Not worth fixing with compat, we can increase min scipy version soon.

solution for now: add attribute to scipy stats.betabinom = None

otherwise on pep-8 style check failure

josef-pkt · 2021-10-13T16:01:21Z

all green here
pre fails in statespace test_dynamic_factor_mq

lgtm-com · 2021-10-13T16:05:23Z

This pull request introduces 1 alert when merging a523aad into a5ec3cb - view on LGTM.com

new alerts:

1 for Unreachable code

josef-pkt · 2021-10-13T16:45:18Z

funny idea: constant like, ilink/transformation function that returns a constant.

That would be one way of encoding args with fixed value. But there are no params in that case, i.e. linpred would be empty.
I'm not sure that will get less messy than transform_params handling as in current TModel.

josef-pkt · 2021-10-13T17:06:49Z

We need a PredictMixin with fittedvalues, resid and related, that we can use for models where the first parameter is the mean.
Symmetric distributions on R, GLM type distribution with mean-dispersion parameterization, and other models that have a mean parameterization like Beta and BetaBinomial.

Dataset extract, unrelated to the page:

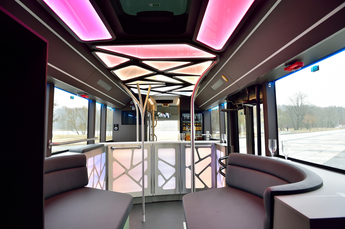 Diskotéka na kolesách je vybavená i monitorom pre sociálne médiá a kamerou s ultra širokouhlým objektívom. Hostia sa tam môžu nielen odfotografovať, ale fotky aj zdieľať na sociálnych sieťach. Kĺbový autobus dlhý 18,75 metrov pojme okolo 45 cestujúcich. Ich bezpečnosť a komfort garantuje elektronický brzdový systém EBS s funkciami ABS a ASR, ako aj elektronický stabilizačný program ESP. Vozidlo poháňa motor Euro 6 s výkonom 310 k (228 kW).

For other models we have to decide whether to provide a predicted mean. Not too difficult for scipy distributions.
Very difficult for flexible distributions on R+ that don't have simple expressions for mean and are focused on quantiles.
Asymmetric distributions like johnsonsu might also be difficult (I don't remember details for that.). That will often apply to flexible distributions generated by transformations.

lgtm-com · 2021-10-13T18:06:45Z

This pull request introduces 1 alert when merging 2c30dea into 123cca1 - view on LGTM.com

new alerts:

1 for Unreachable code

josef-pkt · 2021-10-13T18:07:04Z

I copied most parts over from #7778, not included is the Het base model. This is mostly obsolete with the more flexible MultiLinkModel. We might create a subclass for MultiLinkModel for loc/mean - scale HET models, mainly for name recognition and start_params.
(depends on whether MultiLinkModel will be refactored to have only one explicit link/exog. That's still open)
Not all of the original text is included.